**TRY IT:** Retype every line from the start of the entries below down to the line with "そんなわけで、ウエストウイン", both ends included; skip the pictures.

:::

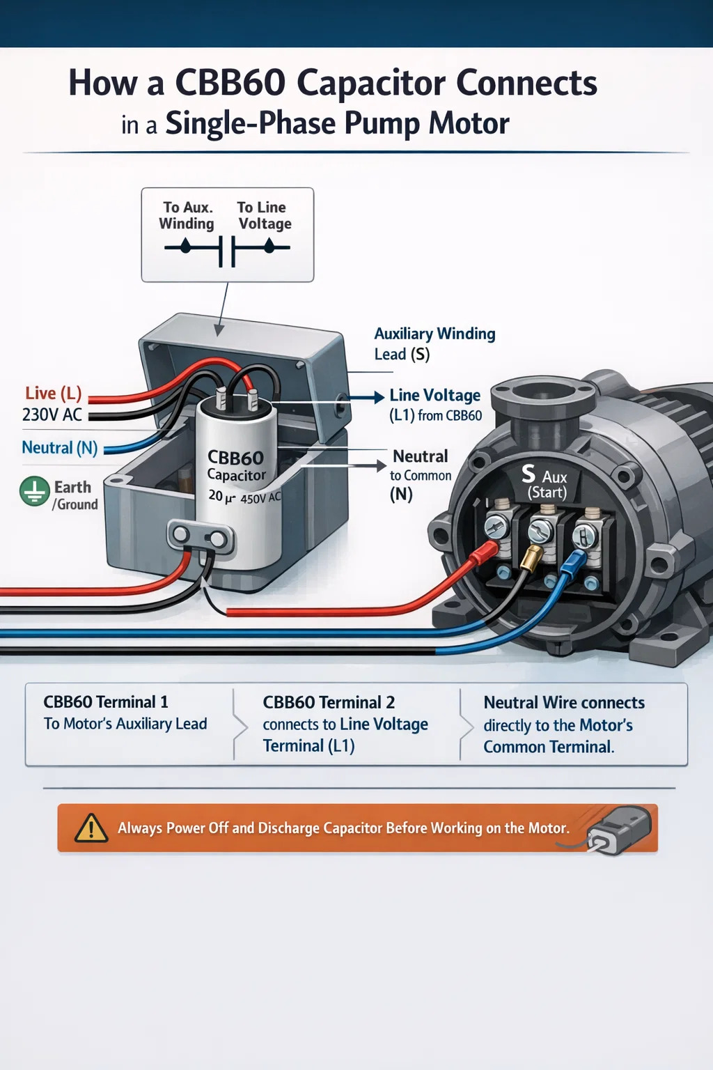 Im häufigsten Szenario – einem einphasigen Pumpenmotor mit einem externen Kondensatorkasten – landen das eingehende stromführende Kabel und das Hilfskabel des Motors beide am CBB60, während der Neutralleiter direkt mit der gemeinsamen Klemme des Motors verbunden ist. Der Motor läuft, weil der Strom durch den Kondensator der Versorgungsspannung um etwa 90 Grad voreilt und so das rotierende Magnetfeld erzeugt, das eine einphasige Versorgung allein nicht erzeugen kann.
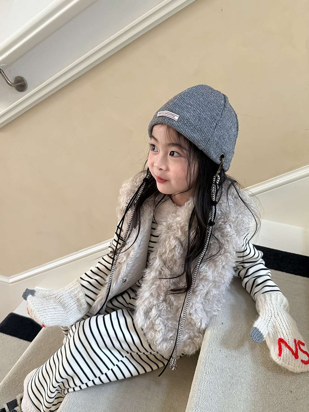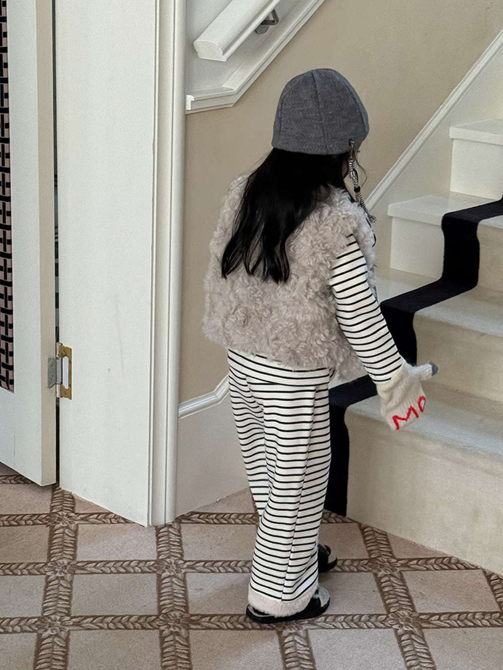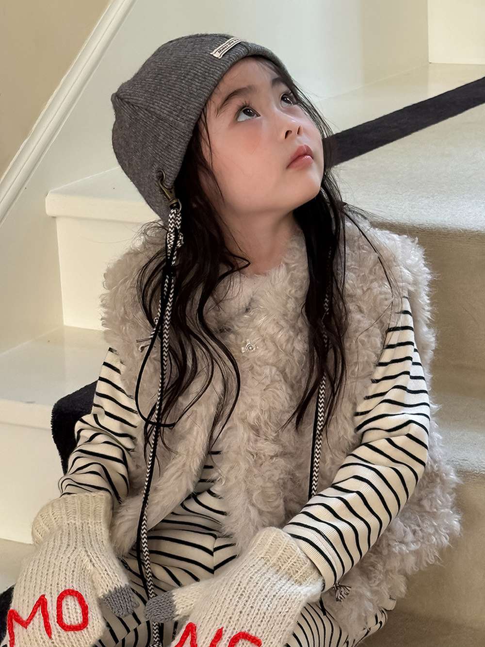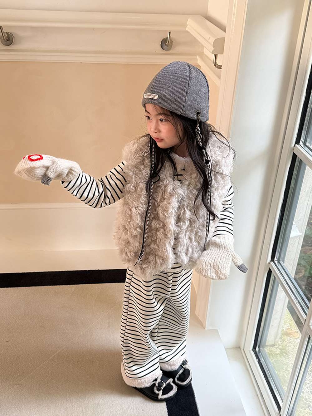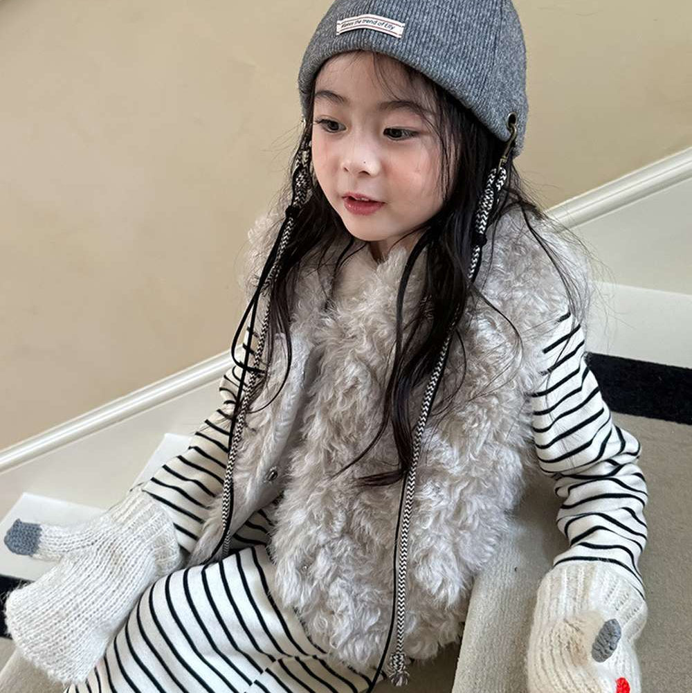 フェイクファーを使用したベストは、ふんわりとしたボアの質感が愛らしい子ども服のトップスです。中綿入りで暖かく、気軽に羽織るだけでおしゃれな防寒対策が叶います。ややAラインのプリンセスラインが、カジュアルな中に上品な雰囲気を演出し、いつものコーディネートを格上げするファーベストです。
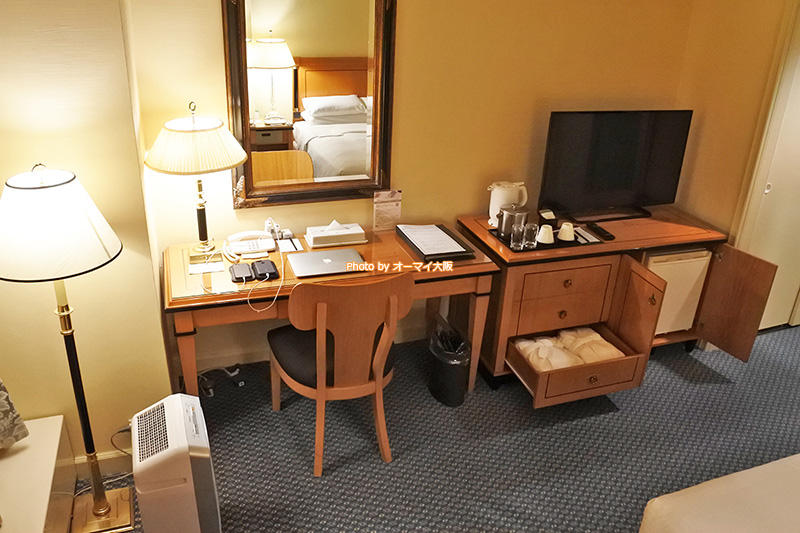 そんなわけで、ウエストウイングのシングルルームは、どちらかと言えば「思いきり大阪観光を楽しんだあと客室で疲れを癒したい観光客」や「ホテル外でガッツリと仕事をして、客室ではちょっとした作業をするビジネスパーソン」に向いている客室(宿泊プラン)です。
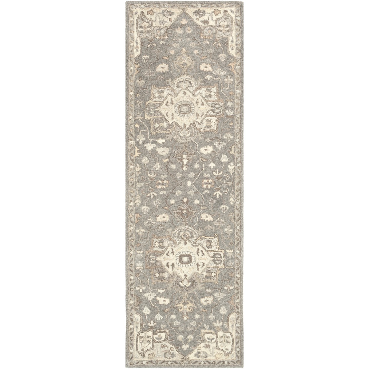 | Traditional Style Rugs Shape: Runner Hand Tufted Backing: Canvas Medium Pile Printed The Caesar Collection showcases traditional inspired designs that exemplify timeless styles of elegance comfort and sophistication. With their hand tufted construction these rugs offer an affordable alternative to other handmade constructions while preserving the same natural demeanor and charm. Made with Wool in India and has Medium Pile. Spot Clean Only One Year Limited Warranty. |
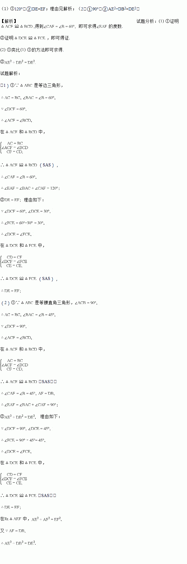 (2)类比探究:如图2,△ABC为等腰直角三角形,∠ACB=90°,点D为AB边上的一点,∠DCE=45°,CF=CD,CF⊥CD,请直接写出下列结果:
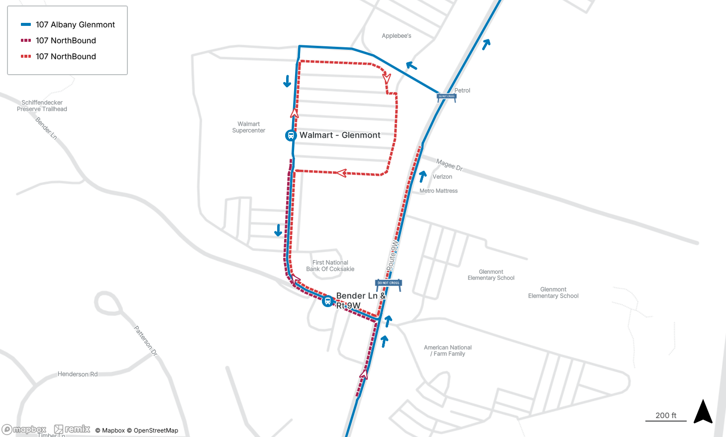 Monday, April 27, 2026 through Tuesday, April 28, 2026 Status General Advisory Route(s): 107 Northbound Detour due to Accident Route: 107 Direction: Northbound Reason: Road Blockage at Walmart Reroute: Left to Bender Lane , Service Walmart, Then Circulate the Parking Lot, Left to Bender Lane, Left to Regular Route Duration: Until Completed Bus Stop Closed: None
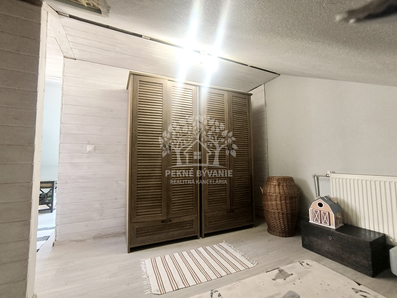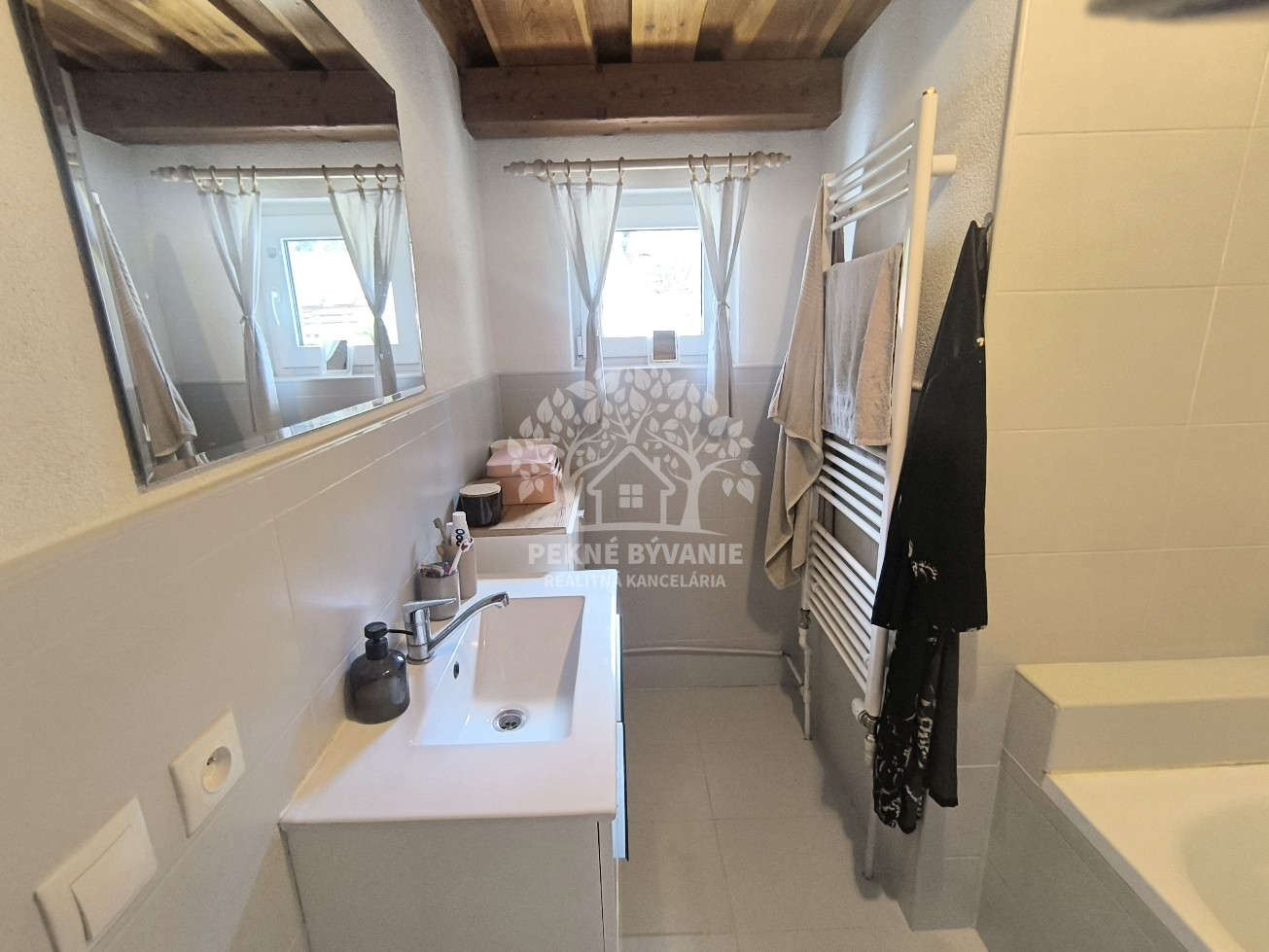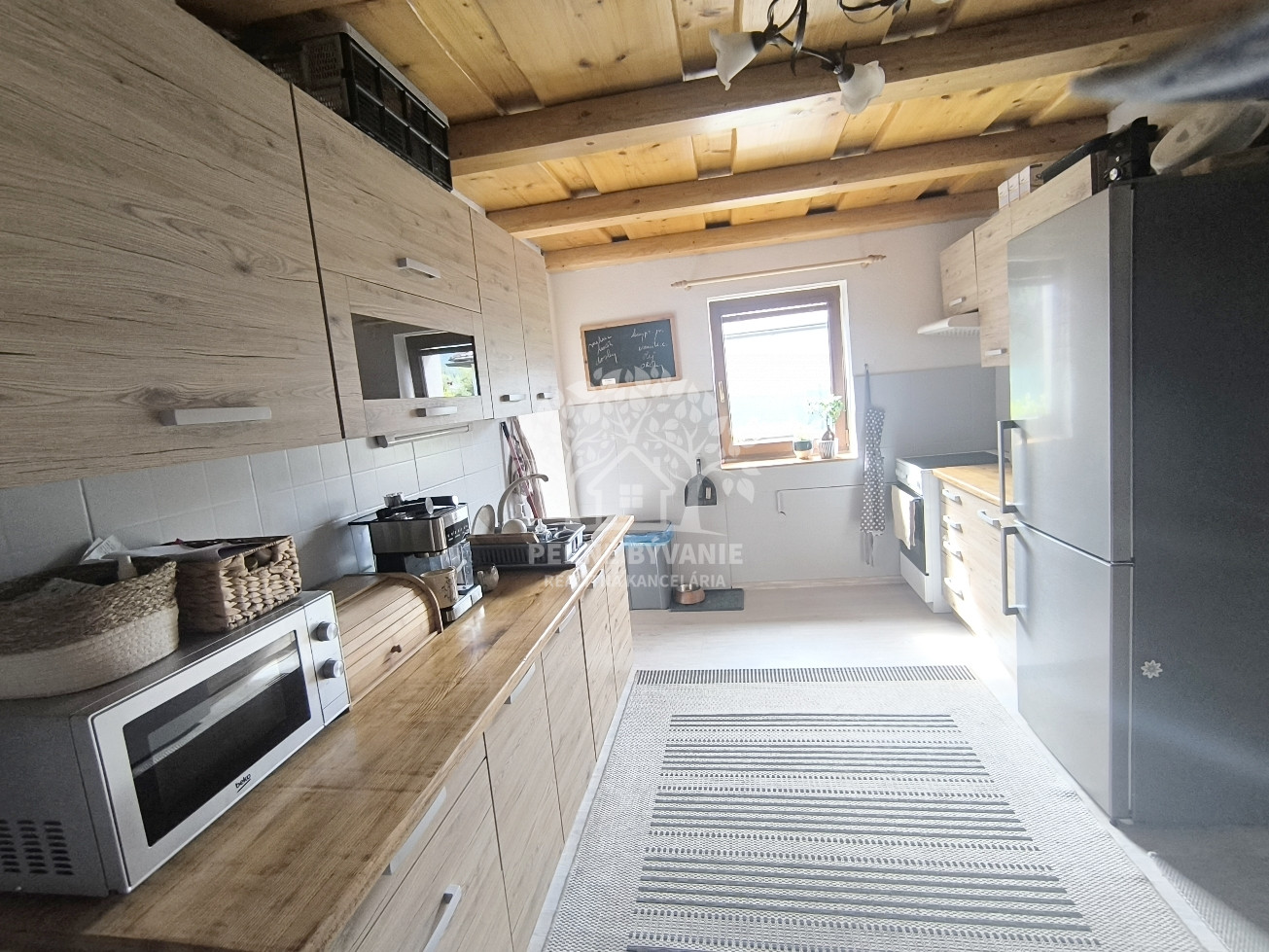 IBA U NÁS!! Licencovaná realitná maklérka Dáša Frgelcová, t.č. 0907/666 687 Vám exkluzívne ponúka na predaj krásny útulný rodinný dom po kompletnej kvalitnej nadčasovej rekonštrukcii, zariadený, v slepej bočnej ulici, 5 minút autom od Bystrej, na rovinatom pozemku o rozlohe 245 m2. Na pozemku sa nachádza dreváreň, záhradný domček, kde je jedna miestnosť - hosťovská s krbovými kachľami, sprchovým kútom a toaletou.

:::

**COMPLETED TASK:**
 Im häufigsten Szenario – einem einphasigen Pumpenmotor mit einem externen Kondensatorkasten – landen das eingehende stromführende Kabel und das Hilfskabel des Motors beide am CBB60, während der Neutralleiter direkt mit der gemeinsamen Klemme des Motors verbunden ist. Der Motor läuft, weil der Strom durch den Kondensator der Versorgungsspannung um etwa 90 Grad voreilt und so das rotierende Magnetfeld erzeugt, das eine einphasige Versorgung allein nicht erzeugen kann.
 フェイクファーを使用したベストは、ふんわりとしたボアの質感が愛らしい子ども服のトップスです。中綿入りで暖かく、気軽に羽織るだけでおしゃれな防寒対策が叶います。ややAラインのプリンセスラインが、カジュアルな中に上品な雰囲気を演出し、いつものコーディネートを格上げするファーベストです。
 そんなわけで、ウエストウイングのシングルルームは、どちらかと言えば「思いきり大阪観光を楽しんだあと客室で疲れを癒したい観光客」や「ホテル外でガッツリと仕事をして、客室ではちょっとした作業をするビジネスパーソン」に向いている客室(宿泊プラン)です。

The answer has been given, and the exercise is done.